Unruled, in answer to - "Purely from a business/profit point of view. Would a camera with more megapixels and maybe 1-2 stops of more usable high ISO really justify spending 5k+?"

With this years (and maybe next?) years tax incentives for small business to buy equipment of any sort the entire system is a legitimate business write off, so essentially it is free, or at least comes at a susbtantial discount, but beyond that let me put the cost into perspective. On most shoots the rental charge on the lighting package is 5-7k, digitech team 2k, location or studio rental fees & permits 2-5k, assistants, transport etc, ~1.5k. It is rare that a day at work costs my clients less that 15k before fees, so turning up with a prosumer camera just doesn't look right.


----------



## NXT1000 (May 30, 2011)

i hope it is true, this sound more logical than 5d3 before 1ds3. 
not that i am going to buy 1ds3, just too big for casual shooter. 
also if it is true that it has very high MB. My computer is very fast, yet it does not work as fast as i would for 5d2 files, the computer industry have to improve their computer too. But i see little improvement over last 2 years.


----------



## liberace (May 30, 2011)

NXT1000 said:


> i hope it is true, this sound more logical than 5d3 before 1ds3.
> not that i am going to buy 1ds3, just too big for casual shooter.
> also if it is true that it has very high MB. My computer is very fast, yet it does not work as fast as i would for 5d2 files, the computer industry have to improve their computer too. But i see little improvement over last 2 years.

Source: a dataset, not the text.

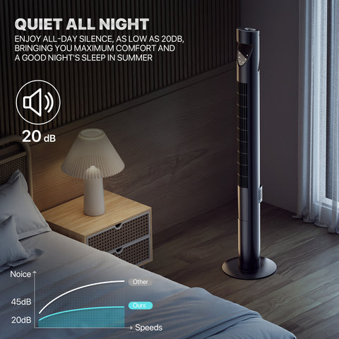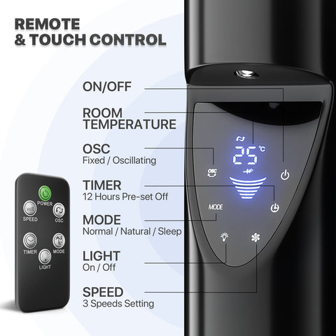 47" Tower fan 3 Speed - Room Temperature Display - Touch Screen Control - LED Down Light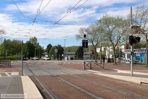 Gleise bei der Haltestelle Campus d'Illkirch, aufgenommen am 25. April 2019. Die Strecke der Linie A auf dem Weg nach Graffenstaden biegt nach rechts ab, nach links führen Gleise in die Umsetz- und Abstellanlage der Linie E.

Are you running 10,000 rpm HDDs in RAID 0+1? SSDrive for cached files? A well built PC from two years ago can open and process dozens of RAW files, never mind new PCs today.


----------



## NXT1000 (May 30, 2011)

liberace said:


> Are you running 10,000 rpm HDDs in RAID 0+1? SSDrive for cached files? A well built PC from two years ago can open and process dozens of RAW files, never mind new PCs today.

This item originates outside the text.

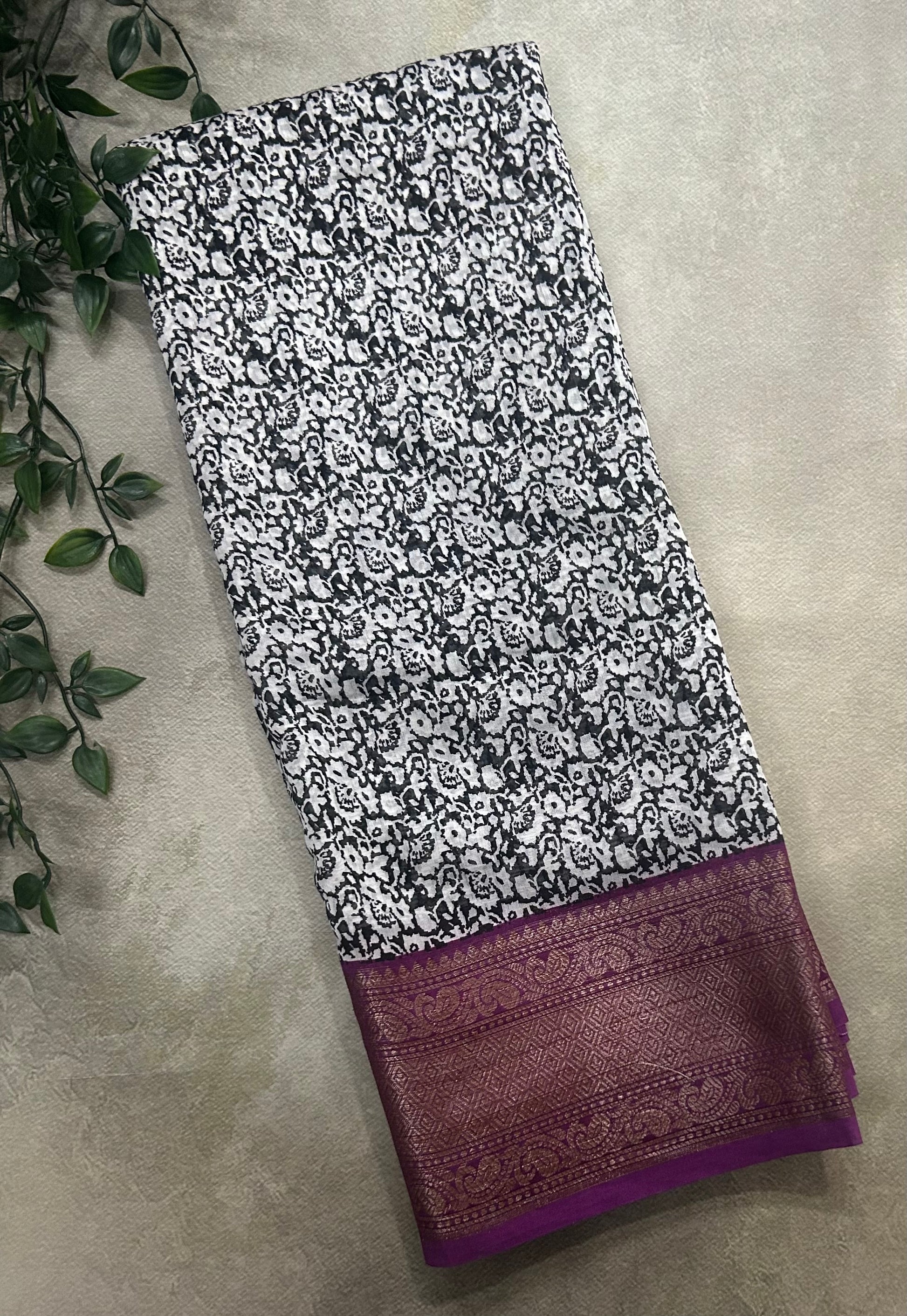 Black n white purple small border soft Tussar crepe saree

The CPU speed has not improved by much over 2 years. 
No raid no 10k rpm hdd, i was using ocz summit SSD at first, but found that aperture does not allow the raw file to place in another hd. So, i just use a 7500 rpm HDD now. 

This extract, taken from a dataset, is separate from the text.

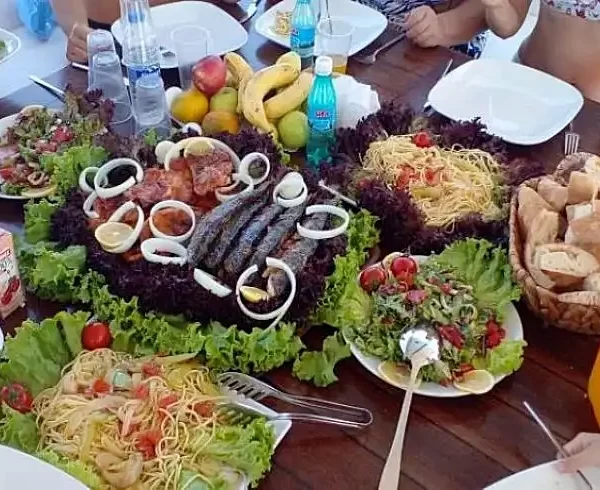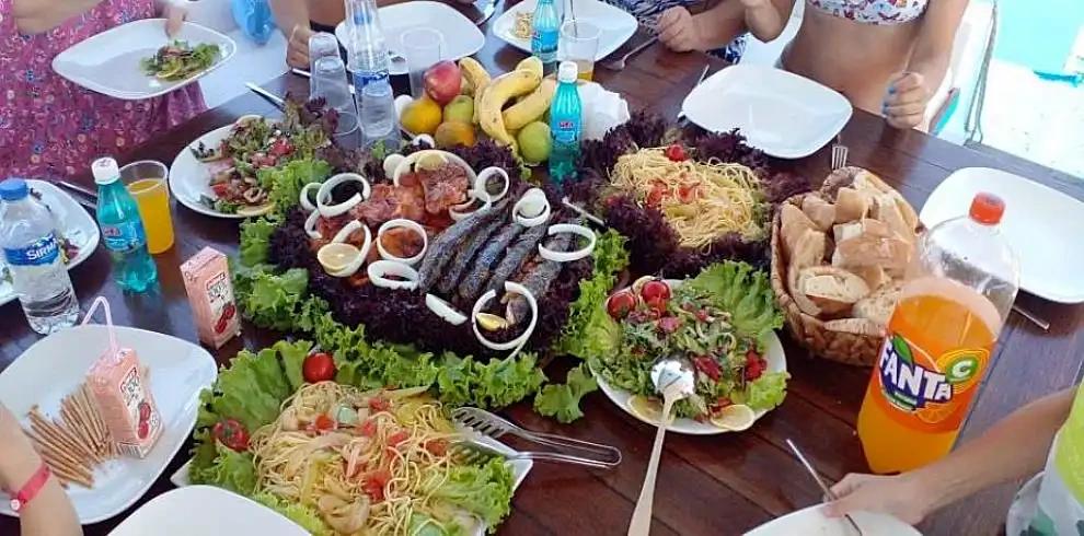 * Mittag- oder Abendessen (Grill, köstliche Salate, Reis, Spaghetti und Obst)

It is not bad, but i am thinking about the next generation of high MB DSLR. 

My system ok for 5d2 now. 

But when it go 40MB more or less, i need a new computer, and a look at the computer site, i think no PC can cope well with file size of that type.


----------



## macfly (May 30, 2011)

You should be on a Mac, no problems here even with multiple P65 (PhaseOne 65mp back) files in Capture on or Canon files in Photoshop.


----------



## Admin US West (May 30, 2011)

macfly said:


> You should be on a Mac, no problems here even with multiple P65 (PhaseOne 65mp back) files in Capture on or Canon files in Photoshop.



I'd be willing to tackle those 200mb Hasselblad digital files. Lightroom might choke though.


----------



## macfly (May 30, 2011)

Never used it, or Apature, all Photoshop all the time, and Preview for editing the low-rez jpgs.


----------



## motorhead (May 30, 2011)

"Lightroom might choke......"

Considering LR struggles with even very small files because of the resource hog it is, I would tend to agree. However that's more of an issue for the software designers rather than a problem with the computer or high pixel count image files.

I've always considered good computer code as code that manages to achieve the object using as little computer effort as possible. LR seems to have been written by people who think otherwise.


----------



## Admin US West (May 30, 2011)

motorhead said:


> "Lightroom might choke......"
> 
> Considering LR struggles with even very small files because of the resource hog it is, I would tend to agree. However that's more of an issue for the software designers rather than a problem with the computer or high pixel count image files.
> 
> I've always considered good computer code as code that manages to achieve the object using as little computer effort as possible. LR seems to have been written by people who think otherwise.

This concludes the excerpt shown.